The so-called Flammarion engraving, thought to be intended to illustrate an ancient cosmology that included a flat earth bounded by a solid and opaque sky.

 

Author: Christopher R Smith

The Rev. Dr. Christopher R. Smith is an an ordained minister, a writer, and a biblical scholar. He was active in parish and student ministry for twenty-five years. He was a consulting editor to the International Bible Society (now Biblica) for The Books of the Bible, an edition of the New International Version (NIV) that presents the biblical books according to their natural literary outlines, without chapters and verses. His Understanding the Books of the Bible study guide series is keyed to this format. He was also a consultant to Tyndale House for the Immerse Bible, an edition of the New Living Translation (NLT) that similarly presents the Scriptures in their natural literary forms, without chapters and verses or section headings. He has a B.A. from Harvard in English and American Literature and Language, a Master of Arts in Theological Studies from Gordon-Conwell, and a Ph.D. in the History of Christian Life and Thought, with a minor concentration in Bible, from Boston College, in the joint program with Andover Newton Theological School.

5 thoughts on “Is the “firmament” of the Genesis creation account “space” or a solid “dome”?”

  1. I agree. I also wonder if in this case firmament is used to describe a tangible, spatial difference between here (where the birds fly) and beyond.
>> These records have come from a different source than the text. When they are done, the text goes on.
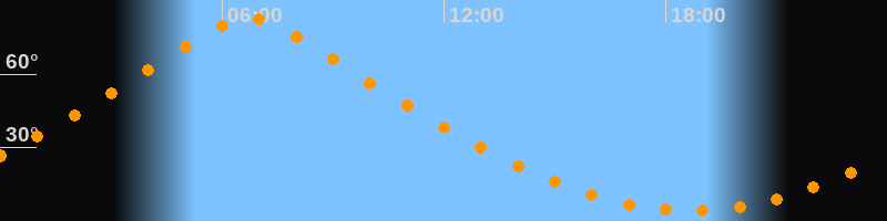 | Höchster Stand (Kulmination) | 06:43 Uhr (h = 83°) |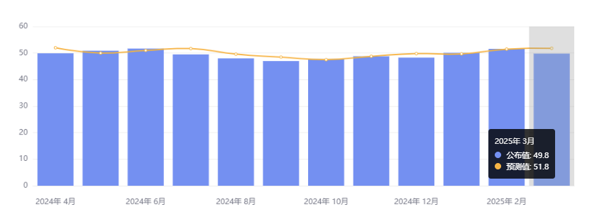 • 综合 PMI 初值 53.5,好于预期的 51.3,2 月前值为 51.6。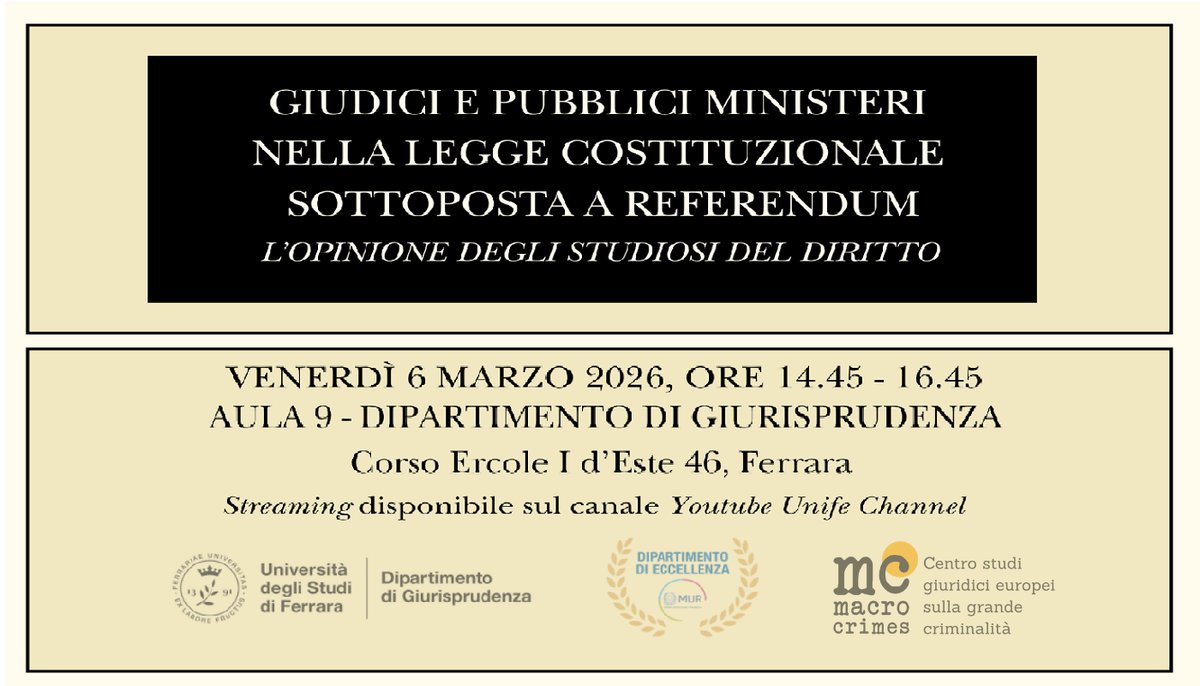 Il 6 marzo 2026, presso l'aula 9 del Dipartimento di Giurisprudenza di Ferrara, a partire dalle ore 14:45, avrà luogo il seminario intitolato "Giudici e Pubblici Ministeri nella legge costituzionale sottoposta a referendum. L'opinione degli studiosi del diritto".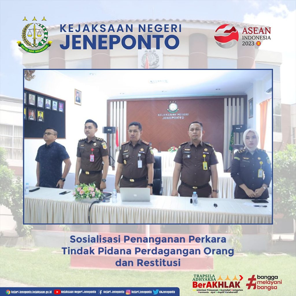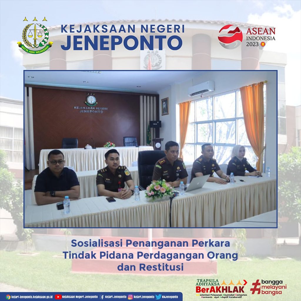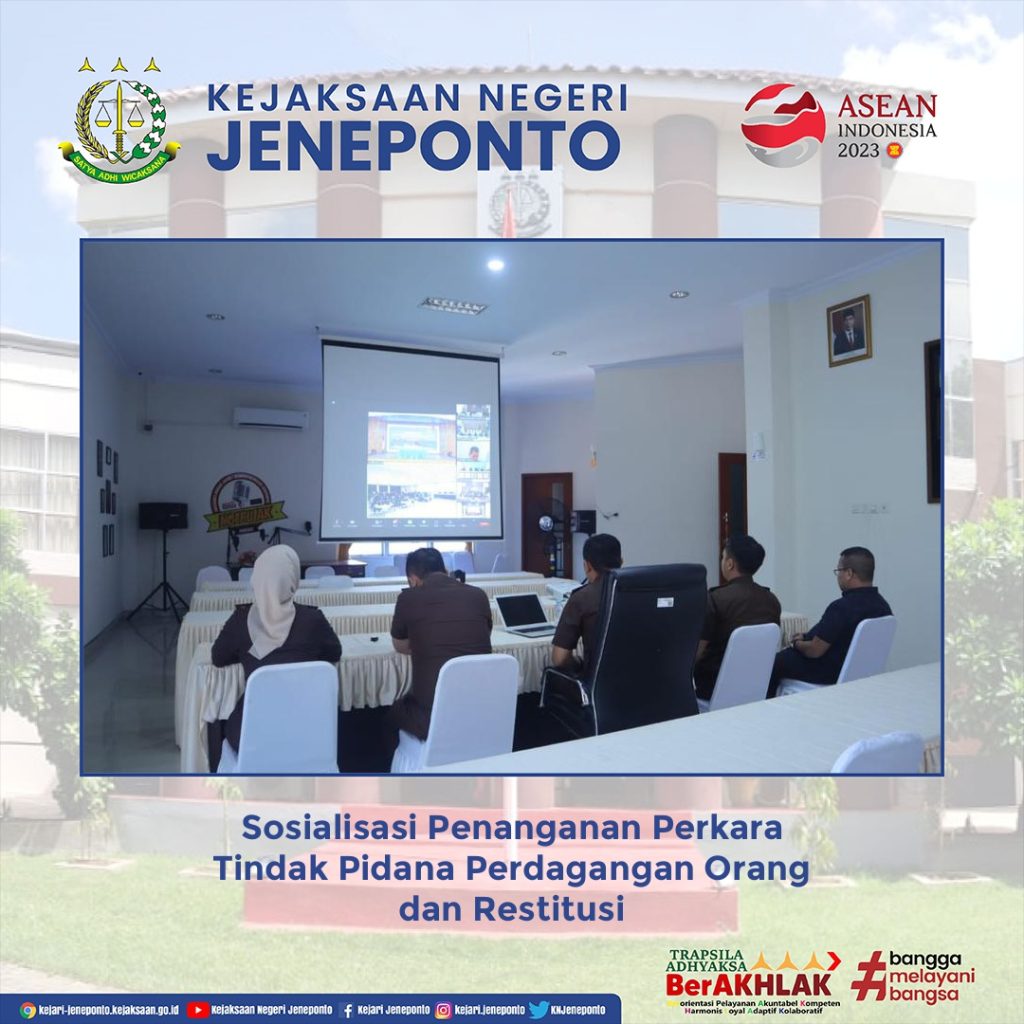 Telah dilaksanakan Sosialisasi Penanganan Perkara Tindak Pidana Perdagangan Orang dan Restitusi secara virtual melalui Zoom Meeting bertempat di Aula Kejaksaan Negeri Jeneponto.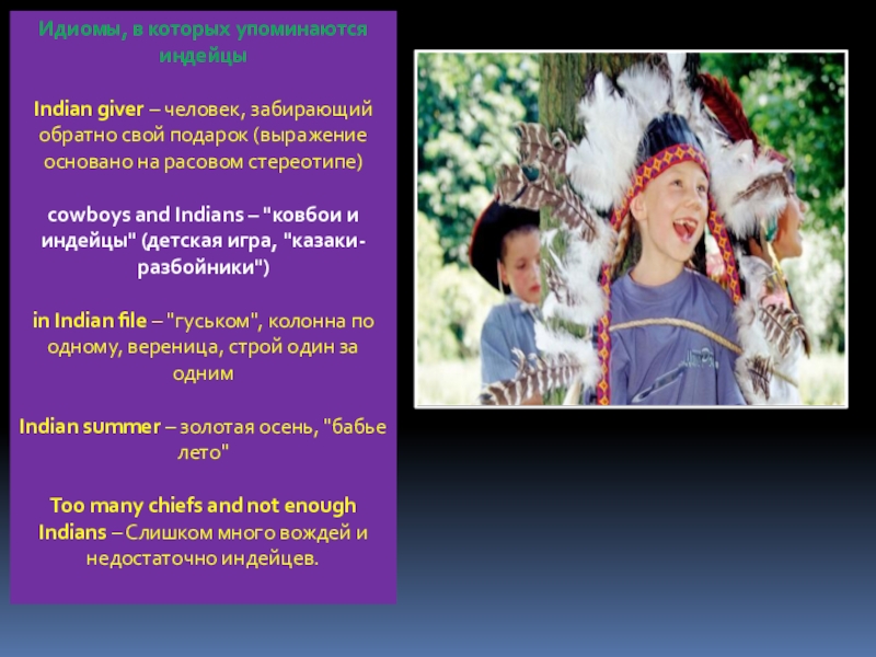 Слайд 28Идиомы, в которых упоминаются индейцы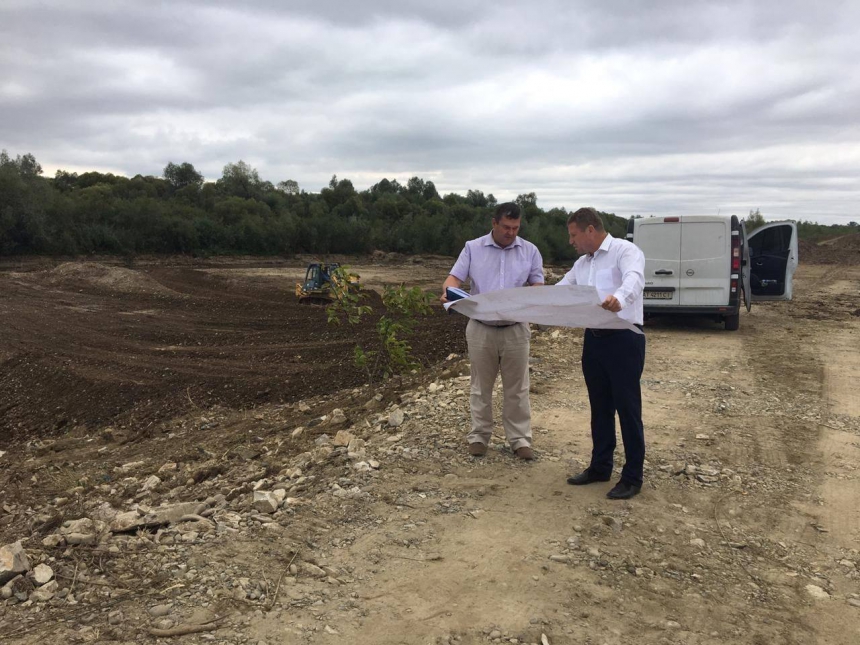 Начальник Дністровського БУВР Роман Михайлюк та заступник начальника Олег Козар оглянули роботи, які ведуться на пошкодженій ділянці дамби в селі Березівка Тисменицького району.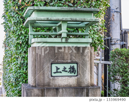 かつての仙台堀川に架けられた「上之橋」跡に残る親柱と銘板

    1. You’re right, except that in the case of the Genesis account, what lies “beyond” the firmament (the visible sky) is not outer space, but water! “God made the vault [raqiya’] and separated the water under the vault from the water above it.” Genesis envisions God creating a habitable space within the watery primeval chaos by first establishing a shelter under a solid dome and then moving the waters beneath the dome aside so the dry ground could emerge. Not our modern cosmology, but still a picture of God making an ordered and habitable creation.

  2. I agree on the implied ancient cosmology, but I have seen some that simply cannot accept it, since it asks them to fundamentally change the way they read the Bible.
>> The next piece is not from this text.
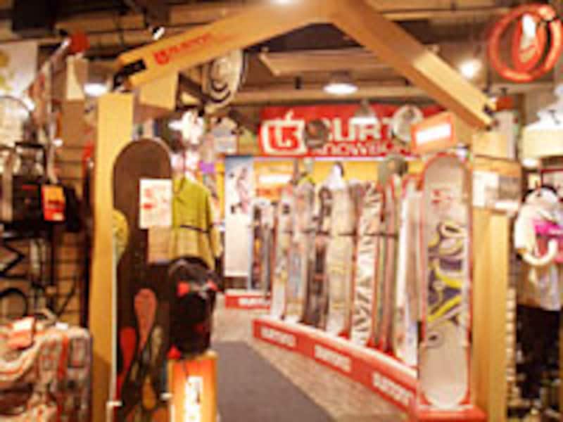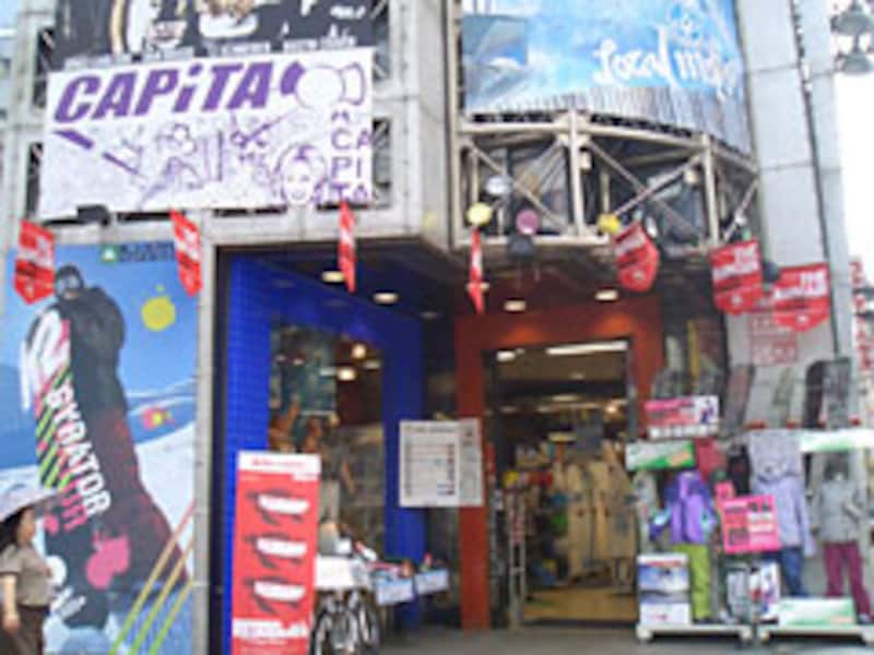 神田スキー街に行ったことがある人なら、「スパッツィオ」という名は知らずとも、この写真の店構えを見て「あ~、あのお店か!」と、思い出す人は多いのではないでしょうか。10月~4月までのウィンターシーズン期間には、地下を含めた7フロアーすべてにギッシリとスノーボードグッズが並び、その商品量と品揃えは、とにかくインパクト大!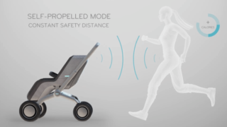 Il passeggino in questione è elettrico e può seguire una persona mentre fa shopping o corre. Si compone di una parte pieghevole e di un seggiolino rimovibile.

  3. This reminds me of a section the book you co-authored with Dr. Stephen J. Godfrey, Paradigms on Pilgrimage, in which you argue for the idea that the Bible’s writers wrote from within a observational cosmology by pointing out that if the Bible’s writers had written from within a (supernaturally endowed and scientifically correct) modern cosmology, they would have been rejected as “incorrect” and discounted by the readers/hearers of their day. [Or something to this effect.]

    1. The discussion you’re referring to is found on pp. 140-141 of our book Paradigms on Pilgrimage: Creationism, Paleontology, and Biblical Interpretation: “Even if the authors of the Bible had been given a supernatural awareness of true cosmology, and even if they had reflected this awareness in their writings, this would still not have provided an attestation of the Bible’s inspiration for just about any of its readers over the centuries. This is because, until the Copernican Revolution, the readers of the Bible held the same observational cosmology it actually presents. They would therefore have dismissed the Bible as inaccurate if it had instead painted a picture of a spinning earth and a stationary sun. Indeed, there is actually no cosmology that could have been put in the Bible that would have provided an attestation of its inspiration to any but a tiny fraction of its eventual readers. . . . An observational cosmology, however, when it is recognized as such, travels to all periods, and was thus the best choice for the Bible.”